Judy Rankin ( Torluemke; born February 18, 1945) is an American professional golfer and golf broadcaster. A member of the World Golf Hall of Fame, she joined the LPGA Tour in 1962 at age 17 and won 26 tour events.

Since 2010, Rankin has served as the lead analyst for LPGA Tour telecasts on the Golf Channel. She previously served as an expert analyst for golf coverage on ESPN/ABC.

Amateur career
Born and raised in St. Louis, Missouri, Rankin won the Missouri Amateur at age 14 in 1959. The next year she was the low amateur at the U.S. Women's Open, and was on the cover of Sports Illustrated in 1961 at age 16. She turned pro the following year.

Professional career
Rankin's first LPGA Tour win came in 1968 and she won 26 events, topping the money list in 1976 and 1977. She finished in the top ten on the money list eleven times between 1965 and 1979, and was the first to win over $100,000 in a season on the LPGA Tour (over $150,000 in 1976).

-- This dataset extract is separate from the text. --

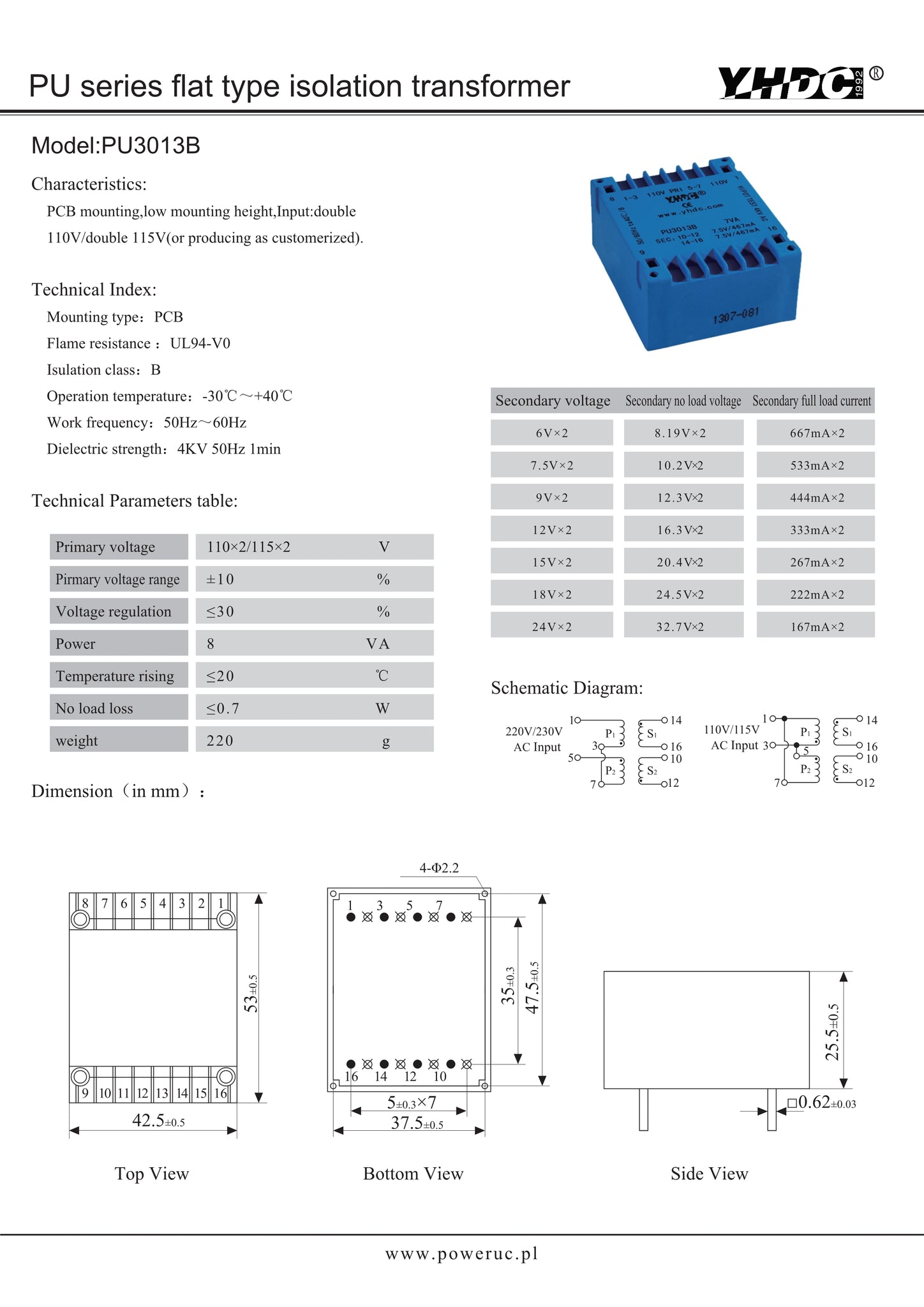 PU series flat type isolation transformer PU3013B 110V×2/115V×2 8VA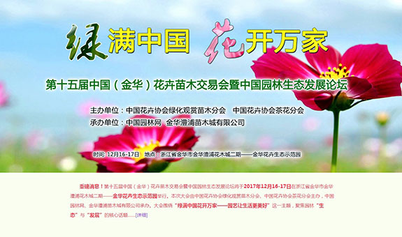 重磅消息!第十五屆中國(金華)花卉苗木交易會暨中國園林生態發展論壇將于2017年12月16-17日在浙江省金華市金華澧浦花木城二期——金華花卉生態示范園舉行。本次大會由中國花卉協會綠化觀賞苗木分會、中國花卉協會茶花分會主辦,中國園林網、金華澧浦苗木城有限公司承辦。

Although Rankin did not win a major championship, she was a four-time runner-up. Her best finishes were a second at the 1976 LPGA Championship and tied seconds at the 1972 Titleholders Championship, 1972 U.S. Women's Open, and 1977 LPGA Championship. Rankin won the Colgate Dinah Shore Winner's Circle (currently the ANA Inspiration) in 1976 and the Peter Jackson Classic (later renamed the du Maurier Classic) in 1977; both events were later elevated to major status, but are not counted as majors in the years in which Rankin won. Her 26th and final win on tour was in August 1979 at Jericho, New York.

Rankin was LPGA Player of the Year twice (1976, 1977) and won the Vare Trophy for the lowest scoring average three times. She retired from full-time competition at age 38 in 1983 due to chronic back problems, and later captained the victorious Solheim Cup teams in 1996 and 1998. Rankin became the first player voted into the LPGA Tour Hall of Fame in 2000 under the veterans category, and she was also inducted into the World Golf Hall of Fame in 2000.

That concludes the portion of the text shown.